START INFORMATION SHOWN

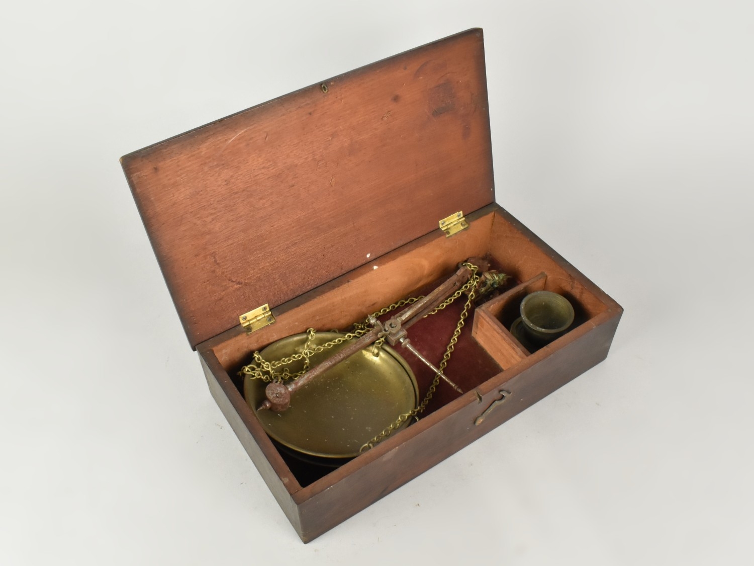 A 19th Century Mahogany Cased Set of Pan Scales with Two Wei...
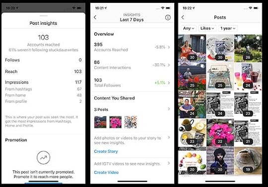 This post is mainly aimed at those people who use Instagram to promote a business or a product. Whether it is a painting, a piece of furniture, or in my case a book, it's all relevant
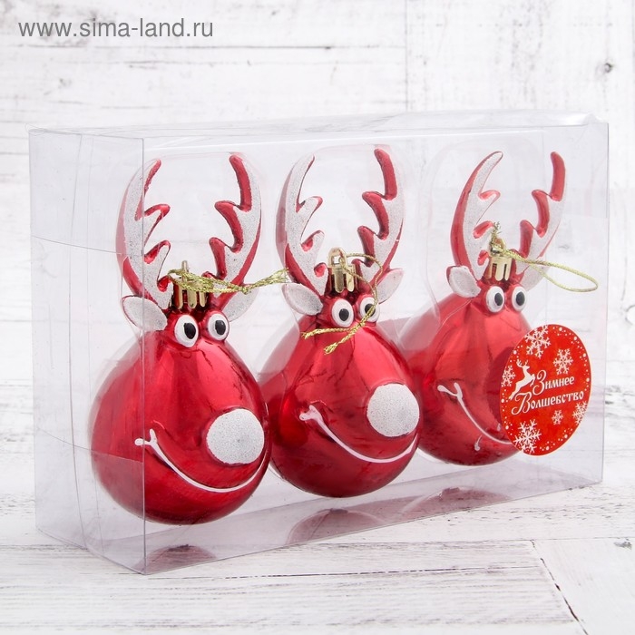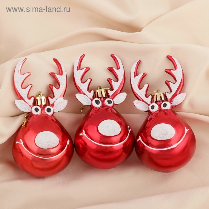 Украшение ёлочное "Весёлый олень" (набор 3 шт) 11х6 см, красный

END INFORMATION SHOWN

• **EXERCISE OBJECTIVE**:
Your copy must start at the line that holds "This post is" and end at the last line of the data, both included; it must contain no pictures.

• **TASK OUTPUT**:
 This post is mainly aimed at those people who use Instagram to promote a business or a product. Whether it is a painting, a piece of furniture, or in my case a book, it's all relevant
 Украшение ёлочное "Весёлый олень" (набор 3 шт) 11х6 см, красный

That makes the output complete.